# Thoughts on Chopin



## CLS (Nov 10, 2010)

I simultaneously love and am depressed by this piece. It puts me in mind of some bittersweet memory of my childhood on which I can't quite put my finger. It feels like a memory that I held dear at one point, but now it only depresses me that I can't quite recapture it. Yet I still fondly remember how happy it made me, and it teases me with how happy reliving it could make me... if only I could recall what it was. A bit melodramatic perhaps, but that's what I think of when I listen to this. What are your thoughts when you listen to it?


----------



## Lisztian (Oct 10, 2011)

Great piece. However I have heard it 3456568978964356878.965 times and am quite sick of it by now  But it is beautiful, no doubt. My thoughts when I listen to it? 'No...Not again.'


----------



## Dodecaplex (Oct 14, 2011)

I don't like that particular piece, but I _am_ a huge fan of Chopin. He wasn't called the "Poet of the Piano" for no reason.

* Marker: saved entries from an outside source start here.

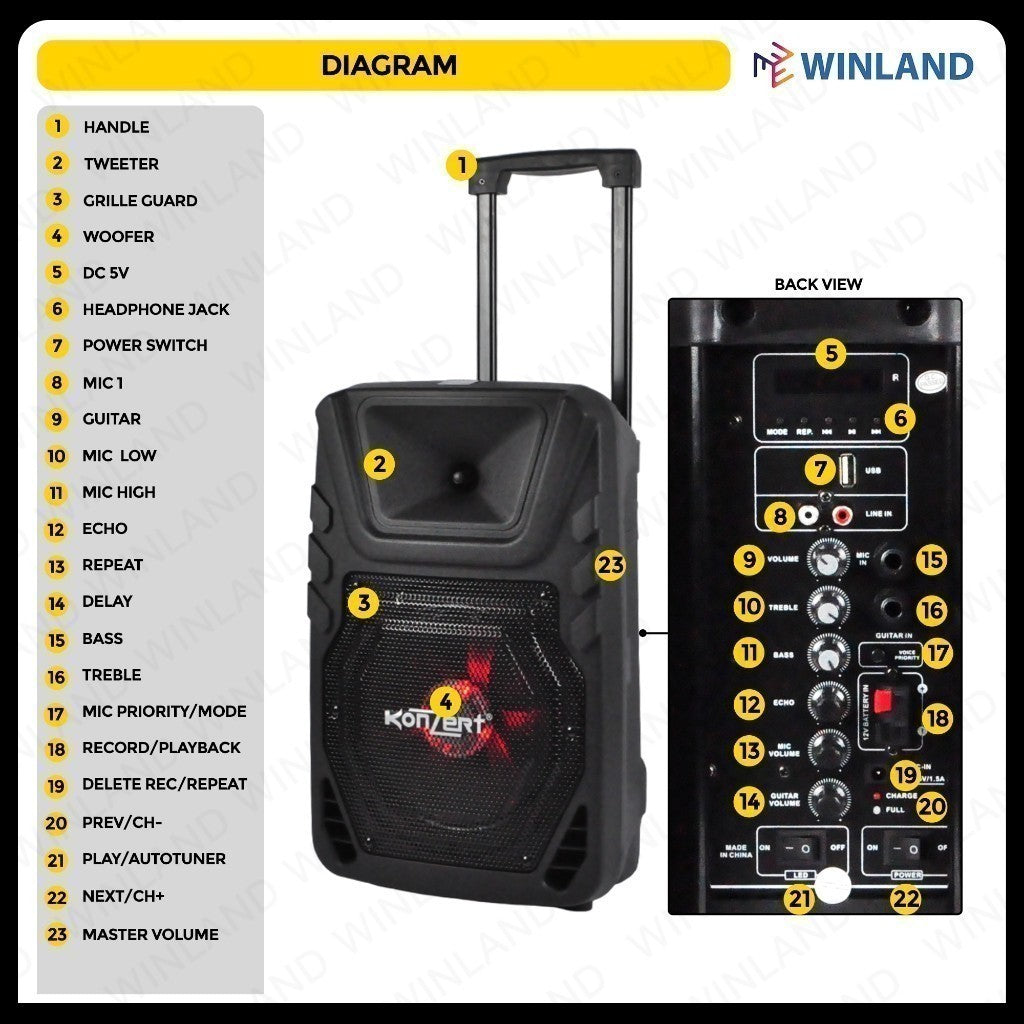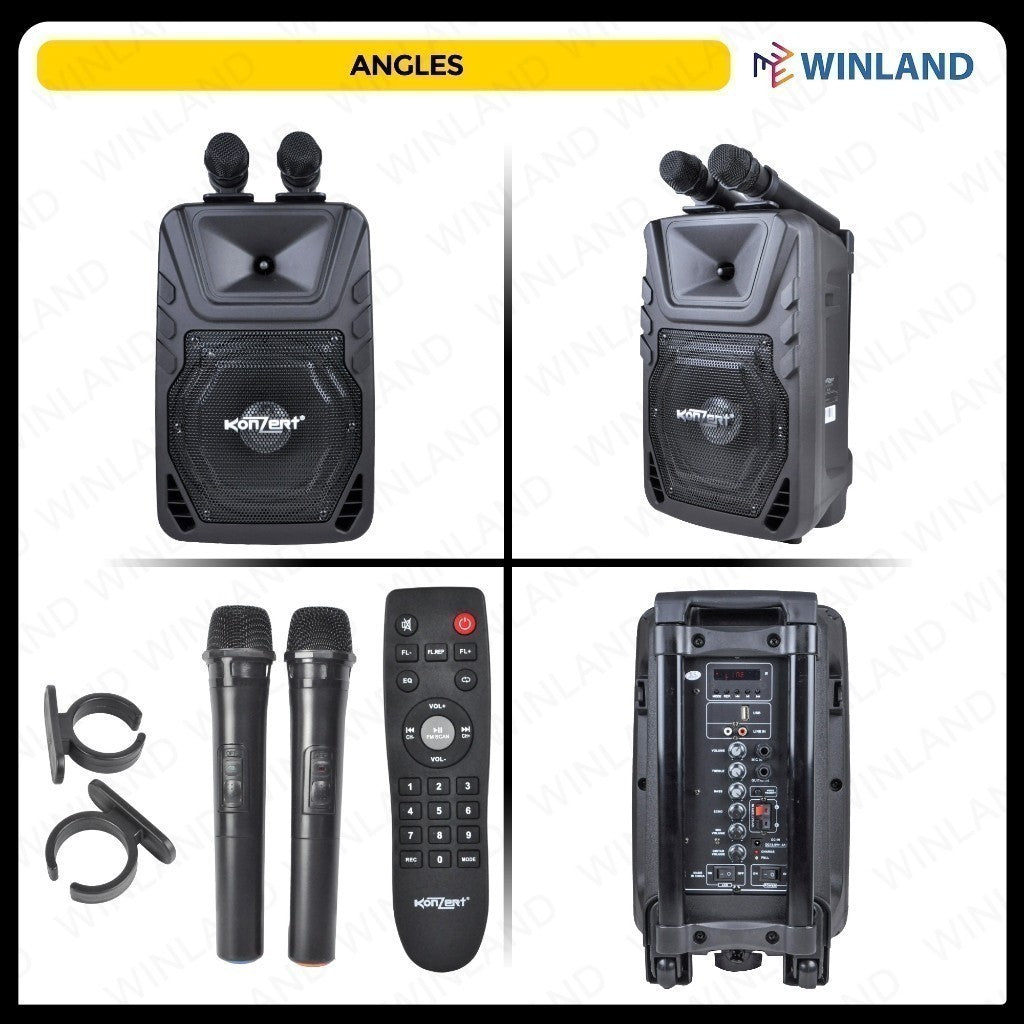 Konzert by Winland 8"200W Portable Rechargeable Speaker w/ USB/SD, FM Radio,BT & 2 Wireless Mic PA-8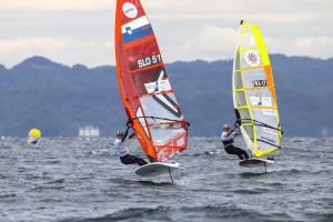 von Sven BlockLina Eržen lieferte sich unerbittliche Fights mit Justine Lemeteyer beim PWA Worldcup 2023 in Japan (Foto: PWA/John Carter).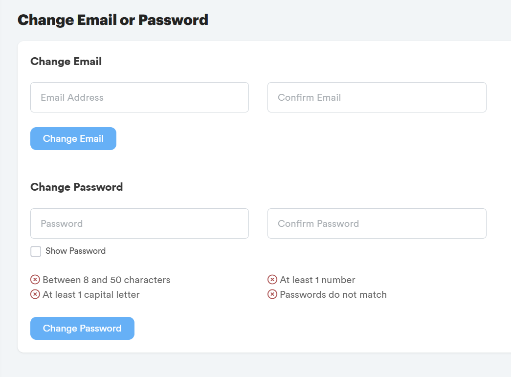 To change your email address, enter your email into both boxes and click 'change email'. To change your password, enter your new password into both boxes and click 'change password'.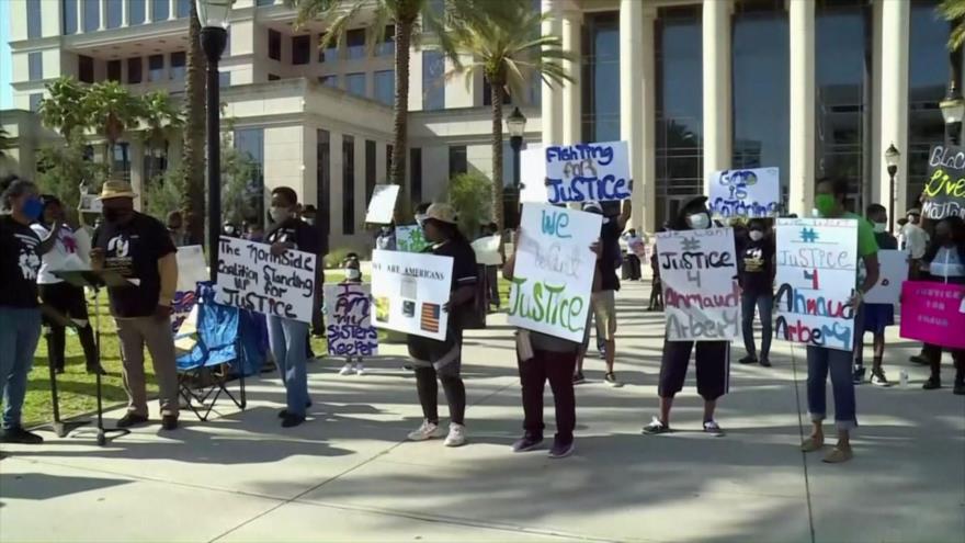 Decenas de personas se reunieron en Brunswick con pancartas en las que se leía que las Vidas Negras Importan y denunciaban la demora al detener a los autores del crimen y la publicación del vídeo del asesinato.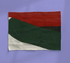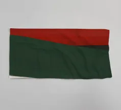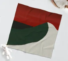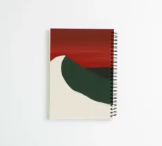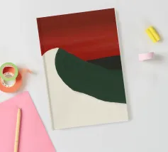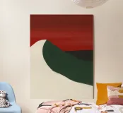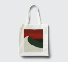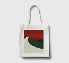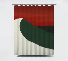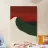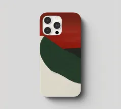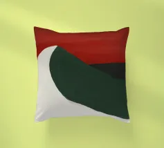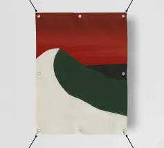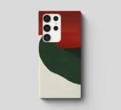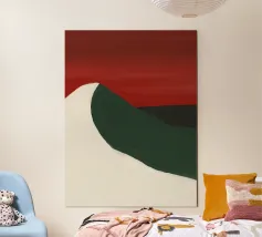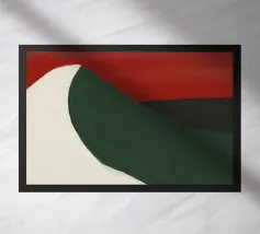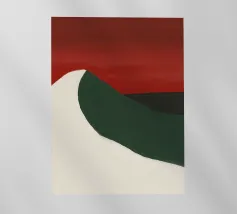 Una forma liscia e curva di colore bianco attraversa una forma verde scuro, su un drammatico sfondo rosso. La composizione evoca un senso di movimento e di contrasto grazie alle scelte cromatiche audaci.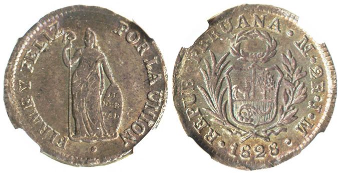 Lima, Peru, 2 reales, 1828JM, ex-Whittier, encapsulated NGC MS 62.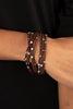 A tropical collection of distressed yellow wooden discs and brown oval wooden beads are decoratively threaded along stretchy bands around the wrist, creating a refreshing pop of summery fun.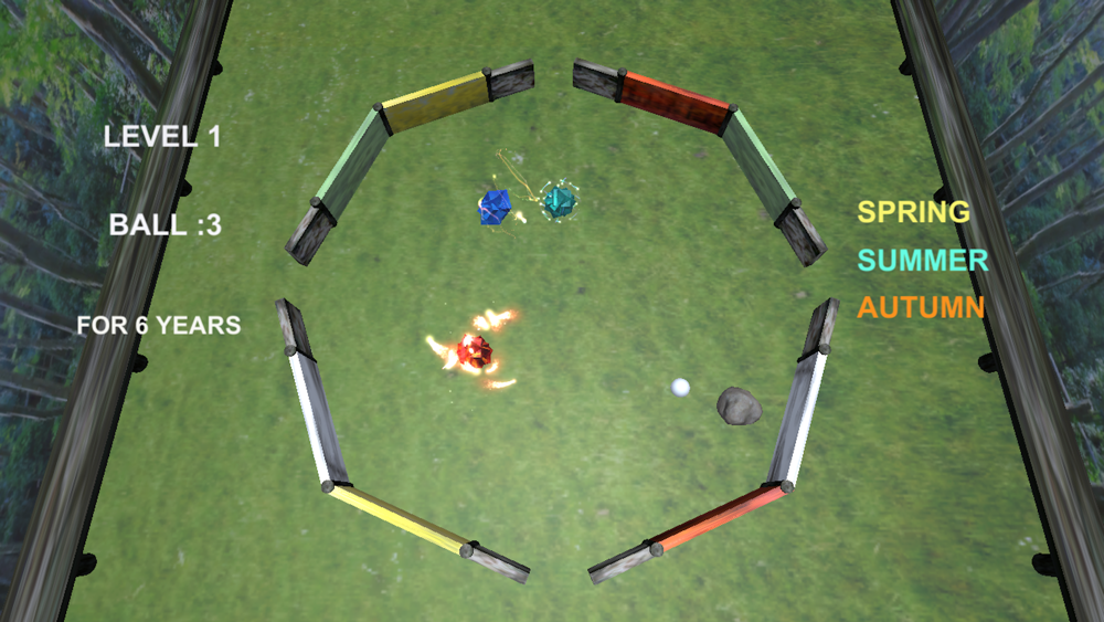 You have 5 balls in a game and get one trained year by hitting boards which have four types associated with the seasons.

Here are a few of my Chopin favorites.


----------



## Igneous01 (Jan 27, 2011)

funny, this piece sounds like the relative major to his nocturne in C sharp minor, first 30 seconds was almost identical.


----------



## kv466 (May 18, 2011)

This is the exact reason I don't just pop in the nocturnes at any time...I enjoyed hearing this so much; it's been a while and it felt so fresh. I've been watching Valentina since she first started also and I absolutely love her Chopin...I didn't know this was up so thanks for leading me in the direction...her etudes are my favorite by anyone alive, for me, and those are some of my favorite pieces...I wonder...those, I have heard a gazillion times and I still can't imagine thinking 'not again' about any great piece of work. 

Your description, CLS, matches that of what I feel when I hear the opus 10 e-flat minor etude.


----------